The last time I was in the University Cafe in downtown Palo Alto was the height of the Dot Com era. The cafe has really large white paper placemats – it lays down clean new sheets of white paper every time another table of customers sits down to order.

Back in 2000, at the height of the internet mania, it seemed that every table was filled with very important looking people busily sketching business plans on those sheets of white paper – structured stock offerings, returns on investment, phased rollout strategies, and all of those other great Dot Com phrases. By the time any meal was done, diners would have filled their white paper placemats with lots of little diagrams and charts, scribbled profit/cost estimate curves and projected timelines.

And at the end of every meal there was the all-important ritual of folding up that piece of paper, no matter how coated it may have become with coffee rings or gravy stains, and putting it in one’s pocket. What had once been a clean expanse of white was now a road plan, a treasure map, a guide to the Holy Grail, the key to the next big IPO.
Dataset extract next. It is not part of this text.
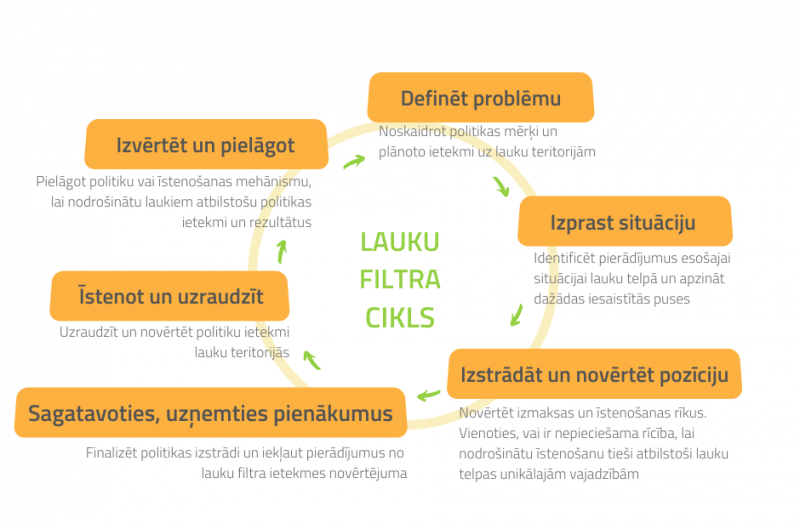Iedzīvotāju skaita samazināšanās Latvijas lauku teritorijās ir viena no augstākajām Eiropā, arī ierobežota vai vajadzībām neatbilstoša pakalpojumu pieejamība un infrastruktūra ir laukus raksturojoša situācija. Līdzīgu izaicinājumu mazināšanai un lauku iedzīvotāju vajadzībām atbilstošu politiku īstenošanai daudzās Eiropas Savienības valstīs tiek īstenots koncepts „lauku filtrs” – pieeja rīcībpolitiku izvērtējumam, lai noteiktu to ietekmi tieši uz lauku teritorijām, salīdzinot ar ietekmi uz citām teritorijām. Arvien aktīvāk izskan aicinājumi šo pieeju ieviest centralizēti visas Eiropas mērogā, mudinot uz šādu rīcību arī Latvijas politikas veidotājus un īstenotājus.
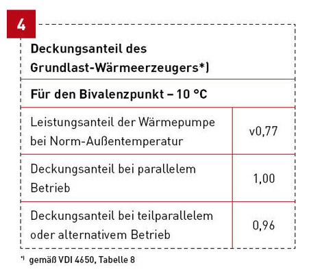 Gesetzt den Fall, die Wärmepumpe kann gar nicht monovalent betrieben werden, sondern benötigt einen weiteren Energieerzeuger, ergeben sich bei der Bestimmung des Anteils des zweiten Energieerzeugers nach Tabelle 8 der VDI 4650 (einen Ausschnitt zeigt Bild 4) verblüffende Interpretationsstrategien. Denn man kann entweder den Bivalenzpunkt bestimmen und den Deckungsanteil in der Tabelle ablesen oder vom Leistungsanteil der Wärmepumpe bei Norm-Außentemperatur ausgehen. DIN V 4701-10 6) enthält eine ähnliche Tabelle. Dort muss jedoch immer der ungünstigste Fall verwendet werden. In VDI 4650-1 fehlt diese Klausel.

As we know, most of those placemats ended up not being worth the ink scribbled on them. Plans came to naught, companies went belly up, and a chastened Silicon Valley fell back down to earth with a resounding thud.

Today, sitting in that same cafe, my friends and I ended up discussing some cool research ideas. At some point I took out a pen and started to make sketches on the big white placemat before me. We all got excited looking at it, we brainstormed a bit, adding things here and there, and by the end of the meal we all felt that we’d really made some progress, and even had a kind of game plan for what to do next.

When we left, it never occurred to us to take the placemat with us.